Merujuk pada hadits di atas jelas perempuan memiliki hak yang sama untuk memperoleh pendidikan. Tetapi jika berlanjut pada tuntutan-tuntutan yang tidak rasional, seperti yang sekarang ini tengah marak diperbincangkan, itulah yang dinamakan dengan berlebihan. Dengan disahkannya UU ini maka para perempuan berhak menikah dengan non muslim tanpa izin walinya, mereka juga merasa diperlakukan dengan tidak adil dalam masalah ilmu waris dan batasan aurat, padahal hukum Allah jelas melindungi hak-hak perempuan. Contohnya dalam ilmu waris lelaki mendapatkan setengah bagian karena dalam bagiannya itu ada hak istri dan anak-anaknya, sedangkan perempuan menndapatkan setengah dari bagian laki-laki karena semuanya penuh atas miliknya tanpa ada hak suaminya.

Orang-orang  itu salah berkaca, mereka bercermin pada kaca yang salah, pada Negara yang yang jauh dari syariat Islam. Mereka alpa melihat sekeliling, sibuk memperkaya, mempercantik, meluaskan kekuasaan, menuntut hak-hak di luar rasio untuk diri mereka sendiri. Padahal di pelosok negri kaya ini jutaan perempuan masih awam terhadap hak memperoleh pendidikan, jutaan Nina hidup di negri ini dalam keummiannya, tak tersentuh oleh hiruk pikuk kerusuhan yang terjadi.

Nina bercermin pada kaca lemari rumah, memandang bayangan dirinya dalam cermin itu, lantas tersenyum gembira, minggu lalu seorang bujang lapuk melamarnya, tak ada alasan baginya untuk menolak lamaran itu. Esok, lusa, minggu depan, bulan depan, tahun depan dia akan menjadi istri orang yang berarti ia tak perlu lagi menjadi buruh pabrik.

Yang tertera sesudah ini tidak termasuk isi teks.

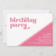 Convites de festas de aniversários modernos com "festa de aniversário" em letras maiúsculas e minúsculas. Convites legal e ocasionais em um esquema de cores rosa e branco brilhantes. Pode ser mudado para qualquer idade.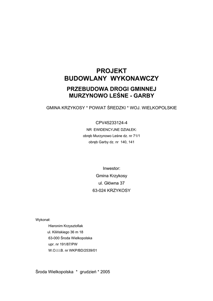 PROJEKT BUDOWLANY WYKONAWCZY PRZEBUDOWA DROGI GMINNEJ MURZYNOWO LEŚNE - GARBY GMINA KRZYKOSY * POWIAT ŚREDZKI * WOJ. WIELKOPOLSKIE CPV45233124-4 NR EWIDENCYJNE DZIAŁEK: obręb Murzynowo Leśne dz. nr 71/1 obręb Garby dz. nr 140, 141 Inwestor: Gmina Krzykosy ul. Główna 37 63-024 KRZYKOSY Wykonał: Hieronim Krzysztofiak ul. Kilińskiego 36 m 18 63-000 Środa Wielkopolska upr. nr 191/87/PW W.O.I.I.B. nr WKP/BD/2539/01 Środa Wielkopolska * grudzień * 2005 OPIS TECHNICZNY DO PROJEKTU BUDOWLANEGO WYKONAWCZEGO PRZEBUDOWA DROGI GMINNEJ MURZYNOWI LEŚNE - GARBY GMINA KRZYKOSY * POWIAT ŚREDZKI WOJEWÓDZTWO WIELKOPOLSKIE 1. Podstawa opracowania Rozporządzenie Ministra Transportu i Gospodarki Morskiej z dnia 2 marca 1999r w sprawie warunków technicznych, jakim powinny odpowiadać drogi publiczne i ich usytuowanie (Dz. U. nr 43 z dnia14 maja 1999r) Katalog Typowych Konstrukcji Nawierzchni Podatnych i Półsztywnych 1997r Mapa sytuacyjno-wysokościowa w skali 1:1000 Pomiary uzupełniające (wysokościowe)w terenie wykonane siłami własnymi Decyzja nr P/7/05 o lokalizacji inwestycji celu publicznego z dnia 20.10.2005r Rozporządzenie Ministra Infrastruktury oraz Spraw Wewnętrznych i Administracji z dnia 31 lipca 2002 roku „w sprawie znaków i sygnałów drogowych” (Dz.U. nr 89 poz. 414) Ustawa z dnia 20 czerwca 1997 roku „Prawo o ruchu drogowym (Dz. U. 98 poz. 602) Katalog powtarzalnych elementów drogowych część I i II – Transprojekt Warszawa 1979 r. Projekt obejmuje przebudowę odcinka drogi gminnej od skrzyżowania z drogą powiatową nr 3675P we wsi Murzynowo Leśne do skrzyżowania z drogą powiatową nr 3671P we wsi Garby. Według uzyskanych informacji teren nie podlega ochronie konserwatora. 2. Stan istniejący. Projektowany odcinek rozpoczyna się od końca nawierzchni bitumicznej przy skrzyżowaniu z drogą powiatową nr 3676P w m. Murzynowo Leśne. Na całej długości projektowanego odcinka droga posiada nawierzchnię gruntową ulepszoną żużlem paleniskowym i kruszywem łamanym. Odcinek początkowy, przebiega przez teren zabudowany, pas drogowy ograniczony jest parkanami. Dalej droga przebiega przez grunty rolnicze i leśne, o rozproszonej zabudowie zagrodowej. Szerokość pasa drogowego od 9,50 m do 15,00 m. Od km 0+000 do km 1+700 i dalej od km2+200 do końca odcinka, wzdłuż drogi, po jej prawej stronie, biegnie napowietrzna linia energetyczna. W koronie drogi znajduje się sieć wodociągowa i kabel telekomunikacyjny. Koniec projektowanego odcinka na skrzyżowaniu z drogą powiatową nr 3671P w m. Garby. 3. Projekt. Droga Murzynowo Leśne –Garby jest drogą gminną i łączy te dwie miejscowości. Dalej poprzez połączenie z drogą powiatową stanowi ciąg do miasta Środa Wielkopolska. Ruch pojazdów ciężarowych jest sporadyczny i związany z bezpośrednią obsługą mieszkańców i transportem rolniczym. Ruch pojazdów ciężarowych zwiększa się w przypadku objazdów związanych np. z kolizjami na drodze krajowej nr 11. Kategoria ruchu Do celów wymiarowania konstrukcji nawierzchni przyjęto ruch KR2, tj. liczba osi obliczeniowych (100 kN) na dobę na pas obliczeniowy - od 13 do 70. Warunki gruntowo-wodne W podłożu występują grunty piaszczyste (piaski drobnoziarniste, piaski pylaste). Istniejąca droga posiada wykształcony korpus drogowy. W miejscach zaniżonych jest wyniesiona ponad teren. Woda gruntowa zalega na głębokości poniżej 1,50 m od poziomu terenu. Warunki wodne podłoża zakwalifikowano jako dobre i przeciętne. Z uwagi na istniejącą ulepszoną nawierzchnię gruntową, która na przeważającej długości zostaje w podłożu pod projektowaną podbudową, rodzaj gruntu i warunki wodne podłoża zaliczono do grupy nośności podłoża G1. Konstrukcja nawierzchni. Przyjęto następującą konstrukcję nawierzchni: - warstwa ścieralna z betonu asfaltowego (KR1-2) grubości 5 cm, - warstwa podbudowy z betonu asfaltowego (KR1-2) grubości 7 cm, - podbudowa pomocnicza z kruszywa łamanego stabilizowanego mechanicznie grubości 20 cm, - podłoże istniejące (żużel, kruszywo łamane, lub grunt niewysadzinowy). Podstawowe parametry techniczne. - klasa drogi L – lokalna, - prędkość projektowa 40 km/h, - szerokość w liniach rozgraniczających 15 m (zachowano stan istniejący 9,50 – 15,00 m), - szerokość jezdni * na odcinku od km 0+000 do km 0+054,73– 5,50 m, * na pozostałym odcinku – 5,00 m (z ew. poszerzeniami na łukach) - szerokość poboczy – 0,75 m – 1,00 m, - spadek poprzeczny jezdni daszkowy 2% (na prostej i łukach poziomych o dużych promieniach) - spadek poprzeczny jezdni na łukach jednostronny 2%-4% - spadek poprzeczny poboczy 6%, - promień łuku poziomego min 40 m, (12 m) - promień łuku pionowego wklęsłego i wypukłego min 600 m. 4. Trasa drogi w planie. Projektowany odcinek rozpoczyna się w km 0+000 przy skrzyżowaniu z drogą powiatową nr 3676P w m. Murzynowo Leśne i kończy się na skrzyżowaniu z drogą powiatową nr 3671 w m Garby. Trasa składa się z 15 odcinków prostych wyokrąglonych łukami kołowymi o promieniach od 12 (skrzyżowanie) do 3000 m. Zmiana szerokości jezdni i spadków poprzecznych odbywa się na długości krzywych przejściowych lub prostych przejściowych. Kąty załamania trasy wynoszą od 0º40’ do 63º20’. Trasę poprowadzono po istniejącym przebiegu drogi gminnej. Punkty charakterystyczne trasy dowiązano do stałych punktów w terenie. Granice opracowania wyznaczają granice własności. Realizacja projektu nie zakłada zajmowania gruntów obcych. 5. Niweleta. Niweletę jezdni zaprojektowano dowiązując ją do punktów stałych tj. do istniejących nawierzchni dróg powiatowych. Na terenie zabudowanym wsi Murzynowo Leśne, niweletę zaprojektowano z dowiązaniem się do istniejących wjazdów i biorąc pod uwagę konieczność odwodnienia. Na pozostałym odcinku niweletę dostosowano do istniejącej niwelety drogi (pozostawiając istniejącą nawierzchnię gr

 Sementara ratusan kilometer dari situ, jarum jam menunjukkan pukul 10.30 malam, seorang wanita masih sibuk di kantornya dengan tumpukkan kertas setinggi gunung, abai terhadap telepon genggamnya yang menggeliat resah dari tadi, deadline tugas sudah menunggunya malam ini juga harus rampung. Sementara sang suami jua tak berbeda jauh, tak ada yang menunggunya di rumah membuatnya malas pulang ke rumah sehingga memilih kantor sebagai rumah keduanya. Di tempat lain, si sulung mengendarai motor gedenya dengan cepat seolah ingin berpacu denganku sementara di pinggir kiri kanan sekelompok anak muda menyorakinya. Di rumah mewah itu, si bungsu yang baru berumur satu tahun tengah rewel dalam gendongan baby sitter, badannya panas. Berkali-kali baby sitter itu mencoba menghubungi majikannya tapi tak ada jawaban.